Я отворачиваюсь от него и заглядываю в гостиную через прибор ночного видения. Пусто. Я начинаю двигаться, но решаю еще раз проверить Уэра. Он сейчас у входной двери. Он наклоняется, ставит видеокамеру в фойе и выходит во двор. Красный мигающий свет на диктофоне - единственный свет, который я вижу. Лоусон медленно крадется мимо него в дом, наготове свои 9-мм. Он касается моего плеча одной рукой, давая понять, что он рядом со мной. Я хлопаю его по бедру, это сигнал ему встать позади меня и прижаться к стене фойе. Его присутствие успокаивает меня, и на мгновение все накопившееся напряжение немного снимается.
Я снимаю с предохранителя M16, когда снова начинаю двигаться. На этот раз я прячусь в глубине гостиной. На секунду я оказываюсь в зоне обстрела повстанцев, когда спешу к общей стене с кухней. Я подхожу к дальнему углу, как только ублюдки под лестницей начинают шептаться друг с другом. Приглушенные голоса во тьме нервируют. Я замираю и пытаюсь подслушать. Что они задумали?

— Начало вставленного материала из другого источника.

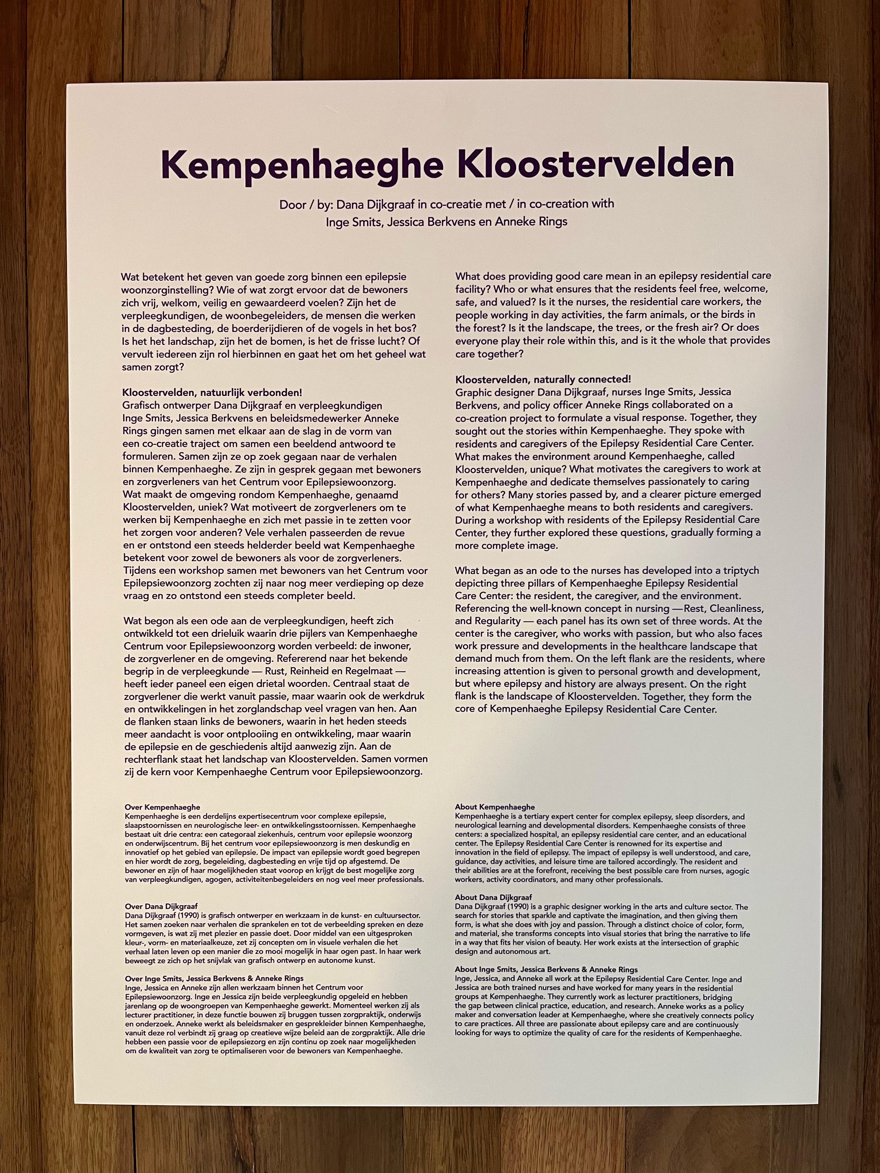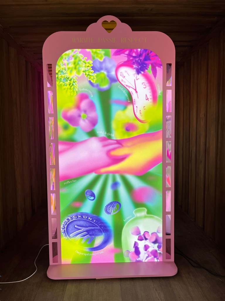 The three works are placed in and around an exact wooden replica of a sea container. The container represents the often invisible and continuous flow of care work that deserve more attention. No iron cargo containers, staged up high at the port of Rotterdam but an unique, wooden, custom made one. Visitors are encouraged to think about what nurses do, the impact of their often invisible work, and how this work contributes to the sustainability of healthcare system, now, and in the future.

Моё сердце бьется так сильно, что готово выскочить из грудной клетки. Я встаю на четвереньки и подползаю к дверям подъезда. Я осторожно заглядываю. Как только моя голова просовывается в дверной косяк, по дому эхом разносится очередь выстрелов. Хотя они пришли извне, они так сильно меня пугают, что я дергаюсь назад и почти теряю равновесие. Мое сердце бешено колотится с такой силой, что я слышу, как кровь течет по ушам.
Мои очки ночного видения мало что видят в комнате вокруг меня. Так темно, что они почти не работают. Тусклые зеленые контуры создают сюрреалистическую картину. Трудно сосредоточиться. Мое дыхание частое и поверхностное. У меня, наверное, гипервентиляция. Я смотрю на стену, которую использую в качестве укрытия. Повстанцы уже расстреляли её во время предыдущего боя. Множество кирпичей были взорваны выстрелами из АК. Их куски разбросаны на полу в гостиной. В лучшем случае это чисто номинальное прикрытие.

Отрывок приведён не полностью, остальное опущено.